Marco Höferth

Personal information
- Date of birth: 25 March 1988 (age 38)
- Place of birth: Wertheim, West Germany
- Height: 1.88 m (6 ft 2 in)
- Position: Defender

Team information
- Current team: TuS Holzkirchen
- Number: 13

Youth career
- FC Dörlesberg
- VfB Reicholzheim
- Viktoria Wertheim
- 0000–2005: FV Lauda
- 2005–2006: Bayern Munich

Senior career*
- Years: Team / Apps / (Gls)
- 2006–2009: Bayern Munich II / 10 / (0)
- 2009–2010: SC Pfullendorf / 11 / (0)
- 2010–2011: SpVgg Weiden / 11 / (0)
- 2011–2016: BCF Wolfratshausen / 120 / (28)
- 2016–: TuS Holzkirchen / 66 / (13)

International career
- Germany U-18 / 6 / (0)

= Marco Höferth =

German footballer (born 1988)

Marco Höferth (born 25 March 1988 in Wertheim) is a German footballer who currently plays for TuS Holzkirchen.
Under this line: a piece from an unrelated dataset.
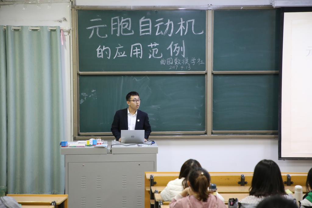 团委和学生社团联合会主办的“走进数模——元胞自动机的应用范例”讲座在教学楼201教室成功举办。曲园数模学社丁一鸣为大家进行讲解。
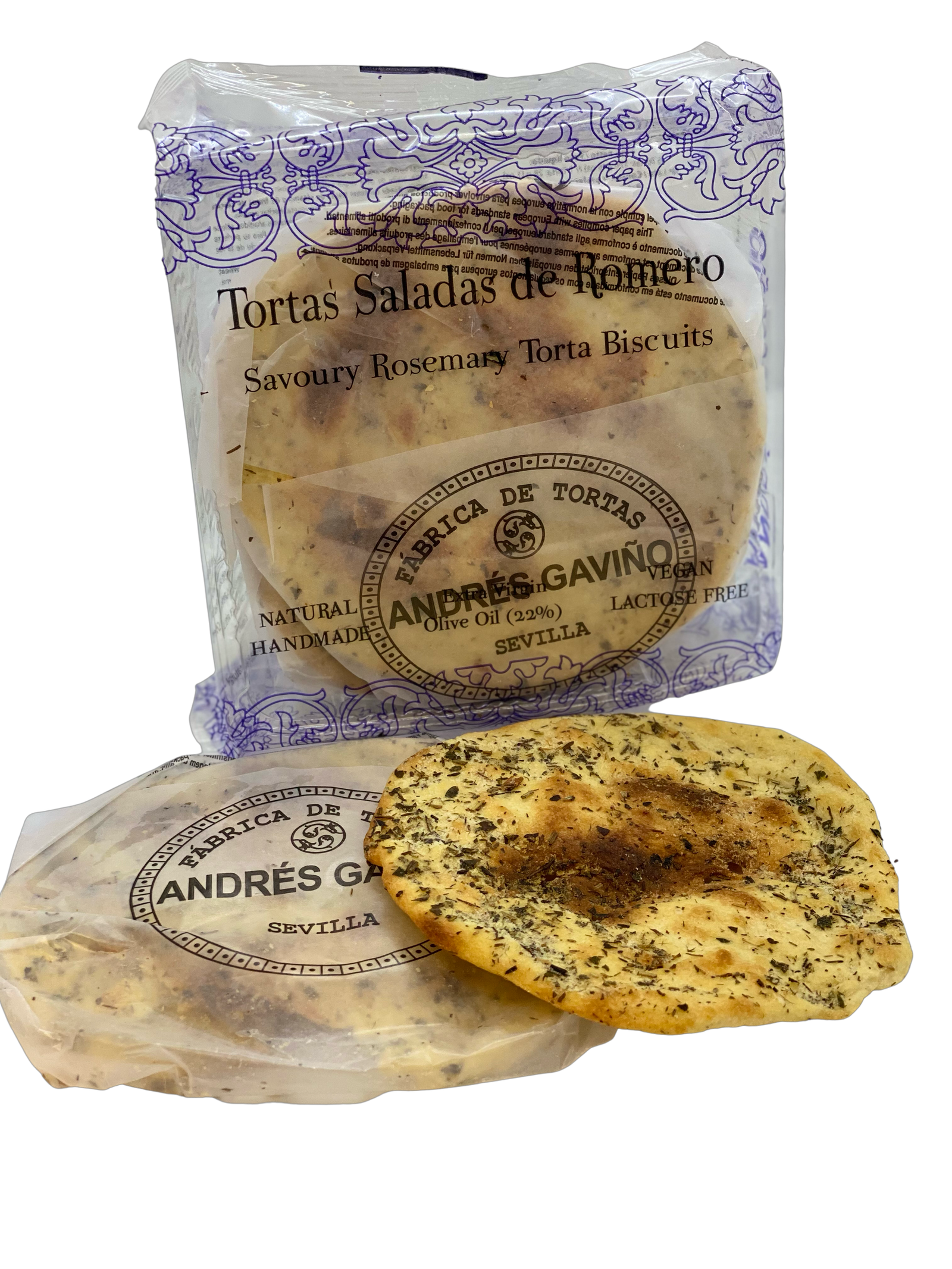 Traditionella handgjorda flatbreads, Tortas, från Sevilla. Våra tortas har rund form och en mjuk, rostad smak och är toppade med fina örter. Tortas ärtunna och har en mycket speciell spröd karaktär. Underbar till ostbrickor och soppa eller att äta som snacks.

Höferth joined Bayern Munich's youth team in 2005, and a year later he was making his debut for the reserve team, replacing Michael Kokocinski in a Regionalliga Süd match against SV Elversberg. He spent three years playing for Bayern's second team, but only made ten appearances, three of which came in his last season, in the 3. Liga. Following his release, he joined SC Pfullendorf, where he played for a year, before joining SpVgg Weiden in 2010. Before the year was over, though, the club folded, and Höferth, along with the entire squad, was made a free agent, and the twelve appearances he'd made so far were annulled. After six months without a club, Höferth signed for BCF Wolfratshausen in July 2011.